The film was dubbed in post-production.

=== Music ===
The film was scored by Jun Latonio, in his first film work, with the assistance of lyricist Joseph Olfindo. They were both students at the University of the Philippines College of Music whom de Leon met through his cousin, Nonong Buencamino. Olfindo would later suggest the music-related "wild concept" that would develop into de Leon's next film, Kakabakaba Ka Ba?. Latonio would go on to score other films including Joey Gosiengfiao's Temptation Island and Laurice Guillen's directorial debut Kasal?.

== Release ==
The film premiered on December 24, 1977, as an official entry to the 3rd Metro Manila Film Festival.

Kung Mangarap Ka't Magising was also an entry to the 1978 Asian Film Festival, held in Sydney, Australia, alongside de Leon's 1976 directorial debut Itim. The latter went on to win Best Picture at the festival.

=== Restoration ===
The film was digitally restored as part of the ABS-CBN Film Restoration Project. The actual restoration itself was done in the Philippines by Central Digital Lab, with the music restoration supervised by de Leon. The restoration was theatrically released at the Film Restoration Project's REELive the Classics program in February 2016 at Power Plant Mall. The following year, the restoration was shown at the 19th Far East Film Festival in Udine, Italy, as part of the Classics Restoration section, alongside Lino Brocka's Cain and Abel and Mario O'Hara's Tatlong Taong Walang Diyos.

The restored version was included in the "Mike De Leon, Self-Portrait of a Filipino Filmmaker" retrospective at the Museum of Modern Art in New York City in November 2022. Also included in the retrospective was the documentary by Clodualdo del Mundo Jr., "Si Boyet, Hilda, Atbp," on the filming of Kung Mangarap Ka't Magising. That same year, the film was included in another retrospective, "Mike de Leon: A Life in (Moving) Pictures," this time at the Three Continents Festival in Nantes, France.

=== Home media ===
In March 2023, Kung Mangarap Ka't Magising was released on Blu-ray Disc by Carlotta Films as part of a box set of select films directed by de Leon.

== Reception ==

=== Critical response ===
In the Metro Manila Film Festival issue for Metro Manila magazine, critic and jury chairman Rolando Tinio barraged Kung Mangarap Ka't Magising, calling it "futile" for being "pure film." Recalling the incident in his memoir, director de Leon wrote, "It is evident in the review that Tinio was only interested in showing people how intellectually superior he was" by name dropping directors and talking of the "ur (whatever that was)," adding "it was a self-aggrandizing attack on a simple romcom."

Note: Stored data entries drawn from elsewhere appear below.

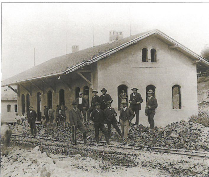
Bahnwärterhaus bei der Bahnunterführung unter der Straße Wemding-Monheim 1906

entwurfes an die Kammer der Abgeordneten deutlich. Ging doch aus der Presseberichterstattung nun auch hervor, dass für alle Bahnhöfe an der Neubaustrecke Signal- und Weichenstellwerke vorgesehen waren.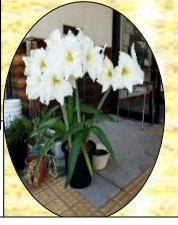
一度に 12 輪咲 アマリリス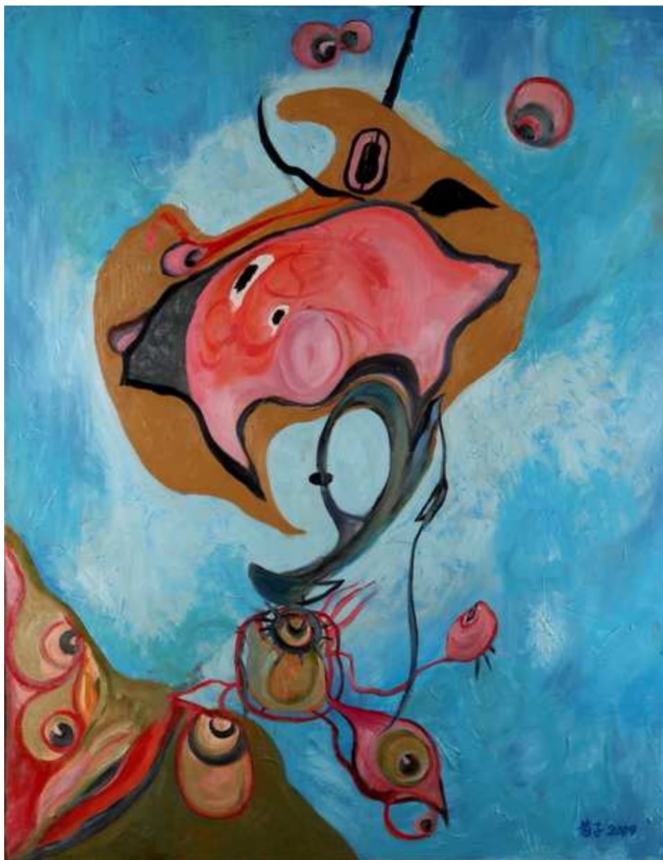
圖 4-2-10 蘇菊子，異樣 III，油畫 2008，50F

The film has received generally positive retrospective reviews, with high praise for the cinematography and setting. Cathy Babao of the Philippine Daily Inquirer also noted the chemistry between de Leon and Koronel. Noel Vera of BusinessWorld, however, gave the film an average review, complimenting the style and cinematography, while questioning parts of the script, ultimately summarizing, "Not perhaps a great film (his [director Mike de Leon] masterpiece lay ahead of him) but a lovely early work nevertheless."

===Accolades===
Composer Jun Latonio won the Gawad Urian and Tinig Award for the musical score of Kung Mangarap Ka't Magising.